La formation n’a toutefois pas changé sa manière d’exercer son activité:
“Il y avait beaucoup de choses que je connaissais déjà, parce que ça fait des années que je fais ce métier”, explique-t-elle.
Même si elle pense que le certificat devrait “être requis pour devenir influenceur”, elle juge que “3 heures, c’est un peu court” pour se former à un métier.
C’est pourquoi l’agence Follow “n’a pas vocation à s’arrêter” à ce certificat, selon les mots de son co-fondateur Ruben Cohen. Follow est par exemple en train d’organiser une journée de formation pour ses influenceurs “sur des sujets sociétaux”, comme l’écologie, le cyberharcèlement ou les violences faites aux femmes.
Pour Sandrea, active dans le milieu de l’influence depuis plus de 10 ans, “c’est à l’État de s’impliquer” davantage dans la régulation de cette activité, même si elle ne sait pas exactement comment.
En attendant, l’ARPP va “renforcer” son certificat cette année, en y incluant un module sur le développement durable pour vulgariser le dernier rapport du Giec et bannir chez les influenceurs “toute représentation de comportement contraire à la protection de l’environnement”.

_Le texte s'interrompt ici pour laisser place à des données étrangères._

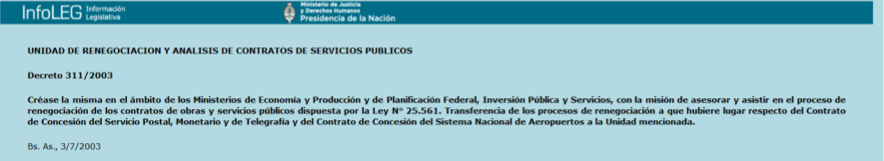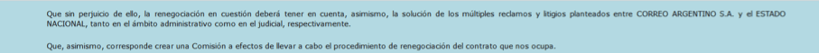 Seguido luego por el presidente Fernando De la Rua, que dictó un sigiloso Decreto de Necesidad y Urgencia (DNU) al respecto, en el que ni nombraba a Correo Argentino, por el que después fue procesado penalmente, junto con otros funcionarios. Y paralelamente Correo Argentino profundizo esa actitud, al directamente pretender, mediante el incumplimiento del pago del canon comprometido, una renegociación integral del contrato, en contra de los intereses del Estado, aduciendo la existencia de asimetrías con otros correos privados.
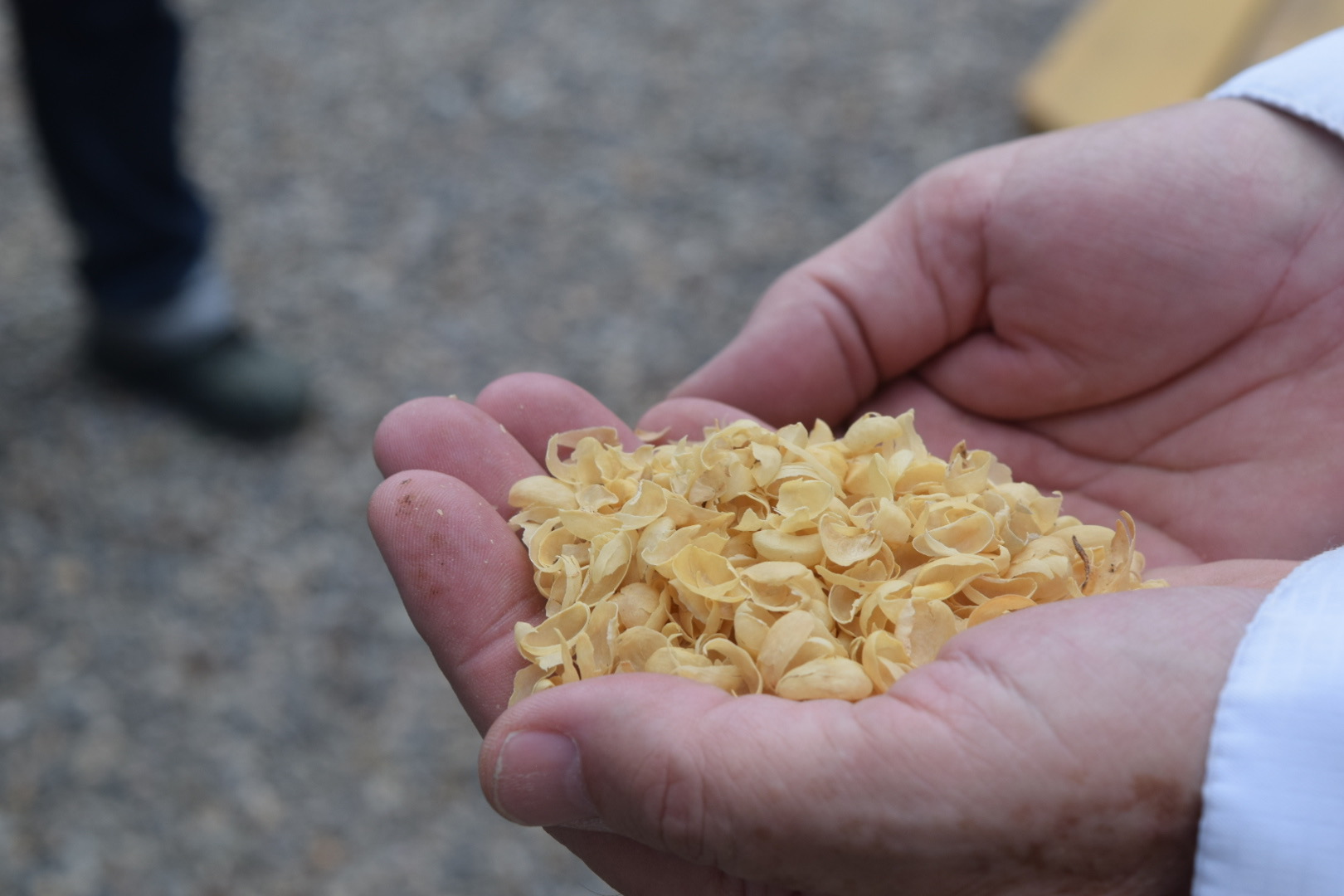 (はがされたパーチメントは倉庫の外に排出され、一か所に集められている。これを燃料として販売しているとは驚きである)

“On ne peut plus voir des influenceurs montrer des commandes McDonald’s livrées en jet privé, ou des voyages de 3 jours à Tahiti”, explique Mohamed Mansouri.
Il fait notamment référence à la vidéo publiée en janvier par le youtubeur FastGoodCuisine, suivi par plus de 4 millions de personnes, intitulée “je livre un McDo en jet privé”. Il a été très rapidement interpellé par des abonnés, entre autres, et a supprimé sa vidéo.